Por outro lado, querem nos convencer que eles viram erradoentenderam errado, e ainda nos transmitiram seus conceitos errados sob o nome de Palavra de Deus? Mas, quando confrontados, gritam “não! Não é isso!”, como se esses conceitos errados eles tivessem encontrados nos livros da Sra. White! Confundindo completamente os próprios conceitos teológicos dos quais se valem em sua defesa, tentam construiu uma apologética – absolutamente desnecessária para sua causa – através de um amontoado de eufemismos.


Não é objeito dessa polêmica aqui no Olhar Anglicano convidar quem quer que seja a abraçar, ou rejeitar, esta ou aquela visão soteriológica. Nossa única preocupação é dizer: não, meus amigos, a Bíblia nunca erra; toda ele é a perfeita Palavra de Deus! É isso que nós, anglicanos reformados, defenderemos, contra os teólogos liberais, ou contra aqueles que, ainda que sem a intenção, flertam com qualquer tipo de ataque as Escrituras."

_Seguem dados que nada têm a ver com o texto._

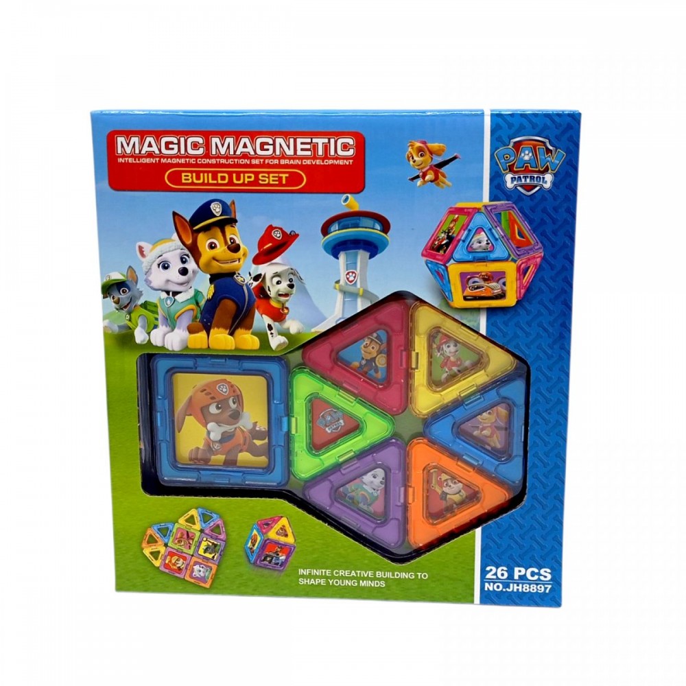 Магнітний конструктор "Magic Magnetic" на 26 деталей різних форм, які кріпляться між собою за допомогою магнітної основи. У комплекті: 6 квадратів і 6 вставок до них, 8 трикутників, і 8 вставок, наклейки із зображеннями персонажів м / ф "Щенячий патруль", інструкція з різними варіантами збірок. Розмір трикутника: 5,5 см, а квадрата - 6 см.

Nota MCA: Compartilho plenamente da visão do Rev. Marcelo Lemos. E para mais esclarecimenteos sobre o uso que estão fazendo do termo "revelação progressiva" segue o que outro anglicano Reformado, J. I. Packer, ensinou: 

"Visto que o Novo Testamento representa dessa maneira um avanço sobre o Antigo, não podemos falar de revelação como progressiva? Tudo depende do que queremos dizer com “progressiva”. Se o nosso significado é simplesmente que os pronunciamentos de Deus no Antigo Testamento, embora diversos, contribuíram todos de um modo ou de outro para se desenvolvimento, para a vinda do seu Filho, a palavra é bastante aceitável. Mas grande parte da teologia liberal tem usado a palavra para expressar a ideia de que a história da revelação é realmente a história de como os pensamentos de Israel evoluíram, iniciando com algo muito grosseiro (um deus da guerra tribal) por meio de algo mais refinado (um criador moral) para a concepção de Deus ensinada por Jesus (um pai amoroso); e colocou a ideia de maneira tal que implica os cristãos não precisam se preocupar com o Antigo Testamento de modo algum, visto que toda a verdade do ponto de vista de Deus pode ser aprendida no Novo Testamento e todo o restante do que é dito sobre ela é mais ou menos falso. Mas isso não é assim. Deus estava certamente ampliando o conhecimento do povo mediante do povo sobre ele, mediante o processo revelatório, mas a ideia de que o que foi revelado contradiz e cancela o que foi revelado antes, é errada. Foi essa ideia que levou um amplo descaso com o Antigo Testamento. A revelação do Novo Testamento repousa em cada um de seus pontos no Antigo e seus fundamentos, e remover a fundação, uma vez que a superestrutura está no seu devido lugar, é a melhor maneira de deslocar a própria superestrutura. As pessoas que negligenciam o Antigo Testamento jamais poderão entender muito o Novo. Quando, portanto, a frase, “revelação progressiva” é usada coo etiqueta pra esse mito de desenvolvimento religioso evolucionário e, consequentemente, como uma justificação pra desconsiderar o Antigo Testamento, ela é falsa, e visto que a palavra “progressiva” tem sido forçada nesse sentido com muita frequência, é melhor abster-se de usá-la – simplesmente para evitar a confusão – quando for fazer uma colocação sobre a posição bíblica. A crença de que a revelação posterior, longe de se encontrar em conflito com a que foi antes, a pressupõe e a desenvolve a cada período, é mais bem expressa ao denominar o processo revelatório de “cumulativo” em vez de “progressivo”. (Havendo Deus Falado, p.83,84)."

Um comentário:

  1. Olá amigos

    Boa noite

    O livre-arbítrio é a primeira boa obra do ser humano rumo à salvação. Tendo por base o dom de Deus o homem por sua capacidade de ação age em conformidade com a base que lhe é colocada. A vontade humana interage com a base formando assim duas ações a de Deus no homem e a do homem com Deus. Negar que o homem age seria como entender que só Deus age e sendo assim ficaria como só Deus agindo e Deus já fez isso quando o Santo Deus Jesus veio ao mundo em forma humana. Um bom texto para isso é Deuteronômio 30:19.